*WORK TO COMPLETE*
All records below must be written out exactly, with the pictures excluded.

RECORD EXTRACTS Block Start

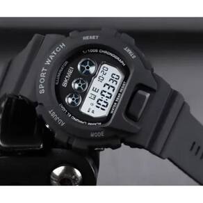 Design e Materiais: Possui corpo e pulseira de resina preta ou poliuretano PU , com caixa redonda de plástico ABS. A resistência à água é de 5 ATM, permitindo o uso para natação em águas rasas, mas não para mergulho.
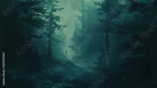 Fototapeta premium A dark, foggy forest with shadows lurking between the trees, creating a sense...
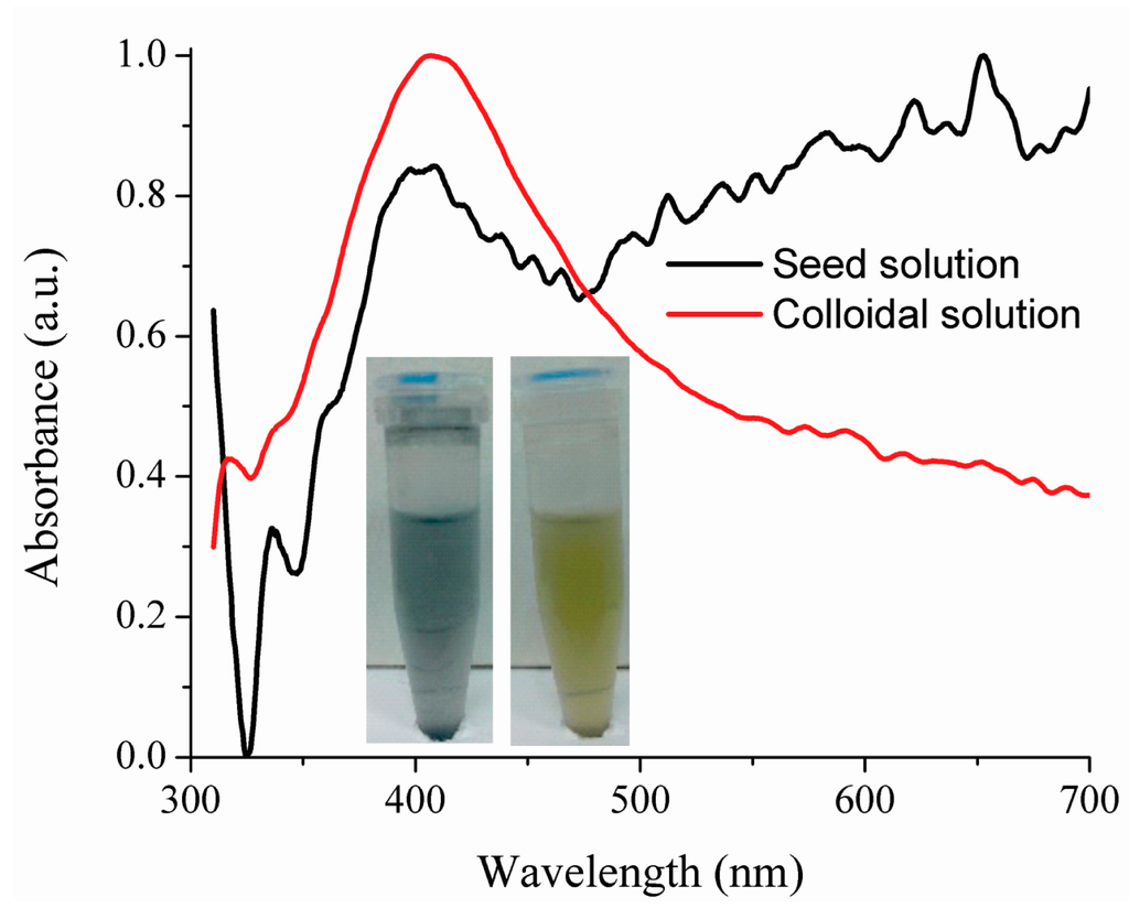 Absorption curves of seed and colloidal solution are shown in Figure 3. Regarding the colloidal solution this exhibits a well-defined absorption peak at 406.5 nm whereas the seed solution exhibits a peak absorption at 408.3 nm and the absorption begins to increase for longer wavelength. The yellow hue is related to the laser power and the number of irradiating laser pulses on the solution, it also depends on the concentration of the solution.
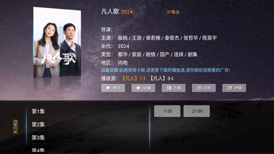 2、任意选择一部你喜欢的影视,这里以“凡人歌”为例,点击即可播放。
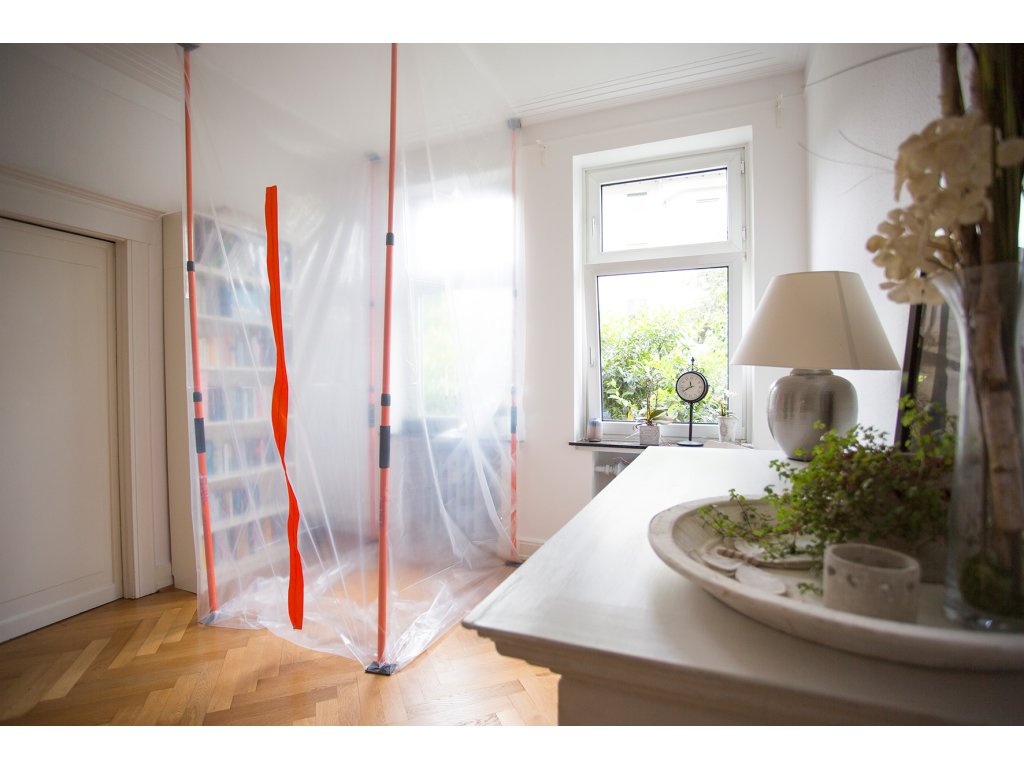 The HEYWALL Dustproof Wall ensures clean rooms during renovation or refurbishment work and prevents unpleasant re-cleaning. The module system comprises aluminium columns up to 3.60 m high, which create a dust-tight barrier thanks to the foil and a convenient entry or exit via a self-adhesive zipper (length 220 cm). It can be set up as an L or U-shaped room divider or as a polygon.

RECORD EXTRACTS Block End

*EXERCISE SOLUTION*
 Design e Materiais: Possui corpo e pulseira de resina preta ou poliuretano PU , com caixa redonda de plástico ABS. A resistência à água é de 5 ATM, permitindo o uso para natação em águas rasas, mas não para mergulho.
 Fototapeta premium A dark, foggy forest with shadows lurking between the trees, creating a sense...
 Absorption curves of seed and colloidal solution are shown in Figure 3. Regarding the colloidal solution this exhibits a well-defined absorption peak at 406.5 nm whereas the seed solution exhibits a peak absorption at 408.3 nm and the absorption begins to increase for longer wavelength. The yellow hue is related to the laser power and the number of irradiating laser pulses on the solution, it also depends on the concentration of the solution.
 2、任意选择一部你喜欢的影视,这里以“凡人歌”为例,点击即可播放。
 The HEYWALL Dustproof Wall ensures clean rooms during renovation or refurbishment work and prevents unpleasant re-cleaning. The module system comprises aluminium columns up to 3.60 m high, which create a dust-tight barrier thanks to the foil and a convenient entry or exit via a self-adhesive zipper (length 220 cm). It can be set up as an L or U-shaped room divider or as a polygon.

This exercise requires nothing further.